The other day my daughter was looking on social media and read somewhere that Paul McCartney had died – no! It’s not true – let’s make sure we’re not advancing any bad rumors here. Sir Paul is NOT dead, likely he’s in fine health.
But my other daughter quickly said, “Yup, things happen in threes. First it was Prince, then Ali, so…” How quickly we are to believe something simply because of the irrational concept that ‘things always happen in threes’.
Why is it that we think this way? Why is the brain so apt to enjoy the comfort of things happening in threes, when there is no rationality for this line of thinking?
As a small number, 3 is an easy recall and so it is processed smoothly. In linguistic lingo this is a concept called cognitive fluency, simply meaning that we like things that are easy to think about – duh! Of course – who wants to think about hard stuff?

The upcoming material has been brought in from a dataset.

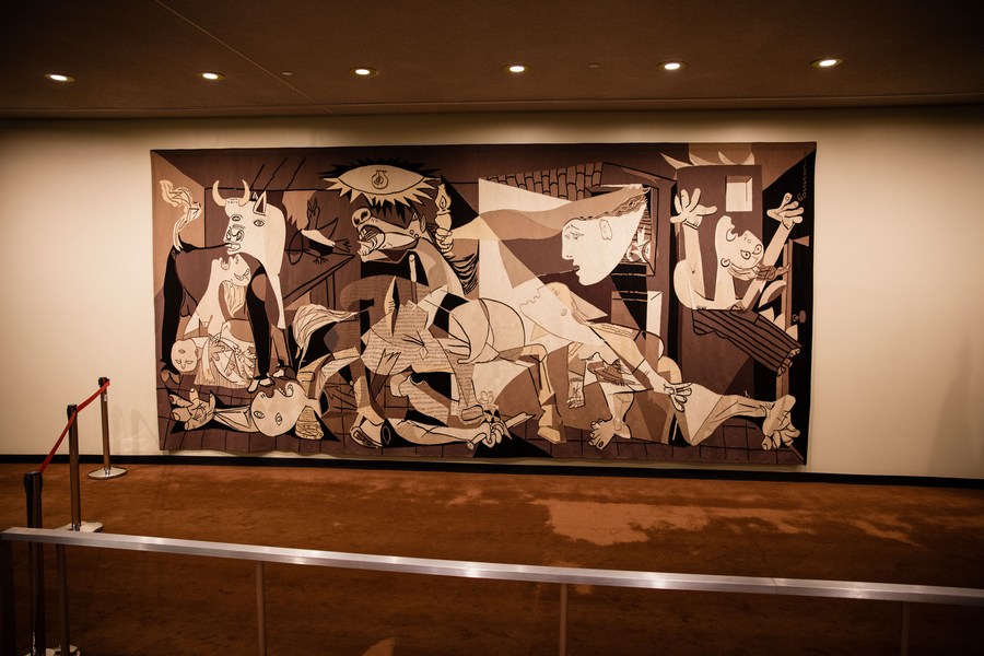 Pablo Picasso's "Guernica" tapestry is seen at the UN Headquarters in New York on Feb. 5, 2022. (Xinhua/Shang Xuqian)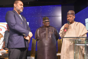 Pic.8. From left: Chairman 2025 IBAN AGM Steering Committee, Chief Raymond Dokpesi(Jr); Chairman, Independent Broadcasting Association of Nigeria Dr Ahmed Ramalan and Minister of Information and National Orientation, Alhaji Mohammed Idris, during the 2025 Independent Broadcasting Association of Nigeria 2025 Annual General Meeting and Conference in Abuja on Thursday (20/11/25).

It used to be that not so very long ago we could recall a string of 9 things, hence our 9-digit Social Security numbers. But as the times became more complex, with ever more things to remember, our capacity to recall dropped down to 7 things, i.e. phone numbers (back when area codes were all the same for a state and didn’t need to be remembered).
Then the complexity of the world escalated further and the 7 item recall capacity dropped down to 4-5 things that we could easily hold in short-term memory, which is where we are in today’s uber-data world. Throughout it all, 3 remained unwaveringly easy.
Those 3 little pigs, Goldilocks and that family of 3 bears, 3 Billy goats gruff – our childhood stories and nursery rhymes reinforced the concept of the world built around 3. When you have 3 items – not 2 that feels like something is lacking, or 4 that is starting to strain our memory – then it feels like all is right with the world and things are as they should be.
So why is this good to know in the world of communication? When you are communicating, if you remember the rule of 3 you will be most effective in your communication. Give 3 reasons to back up your argument; if there are only 2 strong reasons come up with a third. Really. If there are 4 strong reasons, go with the 3 strongest ones, and omit the fourth weakest one.
When describing something list 3 supporting details. Was he tall, dark and handsome? Well he wasn’t short and squat, but maybe he was short, squat and pimply. Get how ‘short and squat’ is just a little too brief and feels like something is missing without the third trait added on?
It’s like the brain is waiting for the third item to process, which is much more comfortable than not having it. And cognitive comfort, fluency, and ease of understanding (see how I came up the third item here, which wasn’t immediately obvious what it would be, but was necessary to have – 3!) leads to a perception of accuracy. When something is smooth and easy to process, it rings to the brain as truer than not. This has no rational basis whatsoever, but there it is nonetheless.
Which is why my daughter was so quick to believe that the recent demise of Paul McCartney was likely true. Logically it makes no sense that one celebrity death would have any bearing on another famous unrelated person’s life, yet something in our brain says “that feels about right”.
This is the concept of closure, pattern completion that the brain strives for constantly. As we try to make sense of the world around us, the brain seeks patterns to gain understanding and put the unfamiliar into the familiar. The pattern of 3 is such a strong one that it literally begs for completion.
The format of “___________, ___________ and ___________” is important to maintain in writing, in all communication, for best effectiveness. Maintain it and you will not only have credibility, but perceived accuracy as well. Ignore the Rule of 3 and your communication will unnecessarily suffer.